***** Source material *****
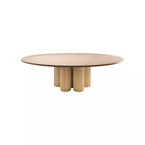 The TRILOGY 7 WOOD table is an elegant wooden table, designed for restaurants, bars, hotels, and waiting areas. Available in two sizes, the table features a durable round wooden top with diameters of Ø200 cm or Ø250 cm, and a height of 72 cm. With a sturdy base diameter of Ø102.5 cm, it offers stability and comfort for both casual and formal settings. The TRILOGY 7 WOOD is perfect for creating a welcoming and stylish atmosphere in any hospitality space.
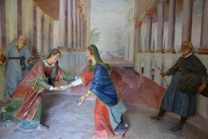 - NOTIZIE STORICO CRITICHE La seconda cappella, dedicata alla Visitazione, secondo dei misteri gaudiosi del Rosario, si raggiunge dopo aver percorso una lieve salita. Da qui si possono intravedere il santuario del Soccorso e alcune cappelle del Sacro Monte, oltre al lago e ad uno scorcio di Bellagio. Questa visione consente di osservare il consumo del territorio avvenuto nella zona che, tuttavia, ho solo in parte aggredito il Sacro Monte. Come per la cappella dell'Annunciazione sono molto scarse le notizie storiche inerenti l'esecuzione delle decorazioni interne e del relativo apparato scultoreo. Alcune fonti storiche, tuttavia, asseriscono che l'edificio fu costruito 1635 a spese del Santuario tra il 1623, periodo dopo il quale sarebbe da collocare la realizzazione degli apparati plastici interni. Le cappella della Visitazione presso il Sacro Monte di Varese, hanno indotto la critica a ritenere le sculture di Ossuccio opera del medesimo scultore. Numerose ridipinture hanno interessato tutte le statue della cappella, che hanno perso alcune delle caratteristiche determinate dalle modalità di stesura dei colori e dalla loro finitura. Gli affreschi alle pareti, anch'essi di autore ignoto, presentano uno sfondato prospettico impostato su colonne, con al centro un paesaggio lacustre e un castello turrito, che non aiutano a collocare temporalmente l'esecuzione dell'opera. Dopo un periodo in cui la cappella fu quasi abbandonata a se stessa, la struttura architettonica e gli apparati decorativi interni sono stati restaurati nel 2005, all'interno di una vasta campagna di tutela e valorizzazione del patrimonio artistico-architettonico del Sacro Monte.
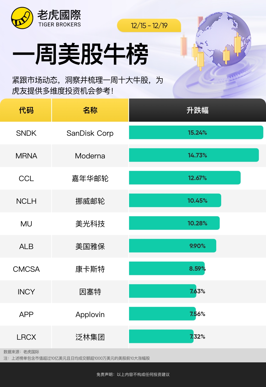 上周哪些股票表现优异?以下是截至12月19日当周,标普500指数成分股涨幅前十名:
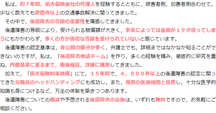 こちらの無料診断サービスや、当法人に交通事故のご相談をいただいた場合は、事故案件を集中的に取り組んでいる弁護士が対応させていただきます。
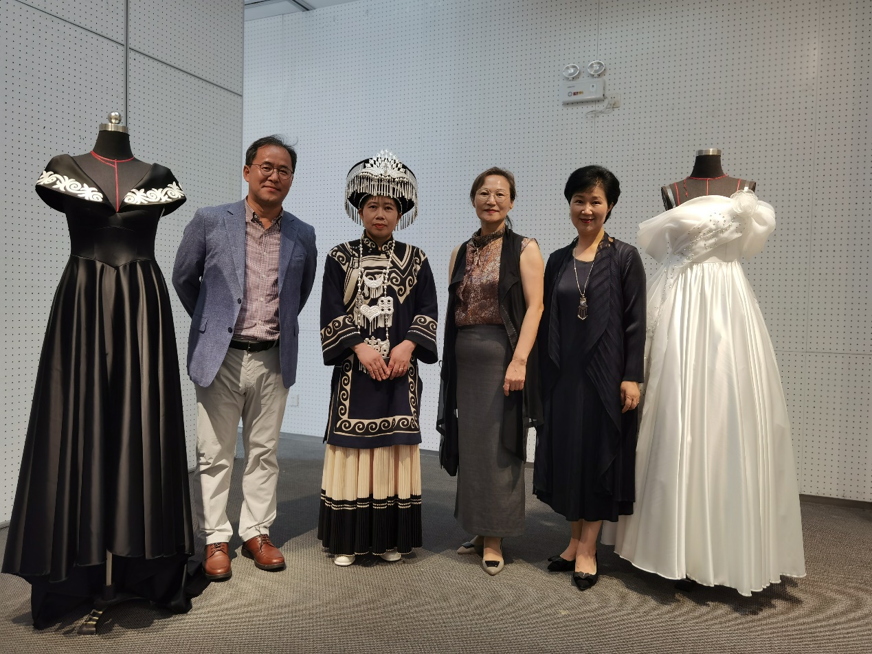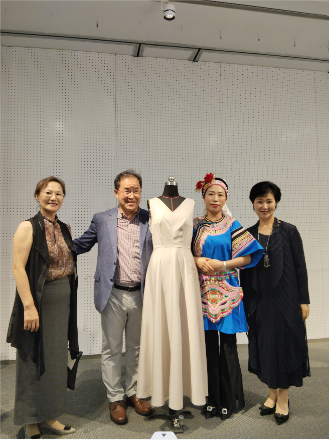 韩国纺织品中心R&D(上海)贸易有限公司理事长姜荣光、中国总经理李京任看到不少学员用自己公司赞助的面料设计制作的民族元素改良装既亲切又惊喜!纷纷拍照留念。
*****
→ What is being asked: Copy each line of the records above exactly as written. Do not carry over any picture.

→ Written response:
 The TRILOGY 7 WOOD table is an elegant wooden table, designed for restaurants, bars, hotels, and waiting areas. Available in two sizes, the table features a durable round wooden top with diameters of Ø200 cm or Ø250 cm, and a height of 72 cm. With a sturdy base diameter of Ø102.5 cm, it offers stability and comfort for both casual and formal settings. The TRILOGY 7 WOOD is perfect for creating a welcoming and stylish atmosphere in any hospitality space.
 - NOTIZIE STORICO CRITICHE La seconda cappella, dedicata alla Visitazione, secondo dei misteri gaudiosi del Rosario, si raggiunge dopo aver percorso una lieve salita. Da qui si possono intravedere il santuario del Soccorso e alcune cappelle del Sacro Monte, oltre al lago e ad uno scorcio di Bellagio. Questa visione consente di osservare il consumo del territorio avvenuto nella zona che, tuttavia, ho solo in parte aggredito il Sacro Monte. Come per la cappella dell'Annunciazione sono molto scarse le notizie storiche inerenti l'esecuzione delle decorazioni interne e del relativo apparato scultoreo. Alcune fonti storiche, tuttavia, asseriscono che l'edificio fu costruito 1635 a spese del Santuario tra il 1623, periodo dopo il quale sarebbe da collocare la realizzazione degli apparati plastici interni. Le cappella della Visitazione presso il Sacro Monte di Varese, hanno indotto la critica a ritenere le sculture di Ossuccio opera del medesimo scultore. Numerose ridipinture hanno interessato tutte le statue della cappella, che hanno perso alcune delle caratteristiche determinate dalle modalità di stesura dei colori e dalla loro finitura. Gli affreschi alle pareti, anch'essi di autore ignoto, presentano uno sfondato prospettico impostato su colonne, con al centro un paesaggio lacustre e un castello turrito, che non aiutano a collocare temporalmente l'esecuzione dell'opera. Dopo un periodo in cui la cappella fu quasi abbandonata a se stessa, la struttura architettonica e gli apparati decorativi interni sono stati restaurati nel 2005, all'interno di una vasta campagna di tutela e valorizzazione del patrimonio artistico-architettonico del Sacro Monte.
 上周哪些股票表现优异?以下是截至12月19日当周,标普500指数成分股涨幅前十名:
 こちらの無料診断サービスや、当法人に交通事故のご相談をいただいた場合は、事故案件を集中的に取り組んでいる弁護士が対応させていただきます。
 韩国纺织品中心R&D(上海)贸易有限公司理事长姜荣光、中国总经理李京任看到不少学员用自己公司赞助的面料设计制作的民族元素改良装既亲切又惊喜!纷纷拍照留念。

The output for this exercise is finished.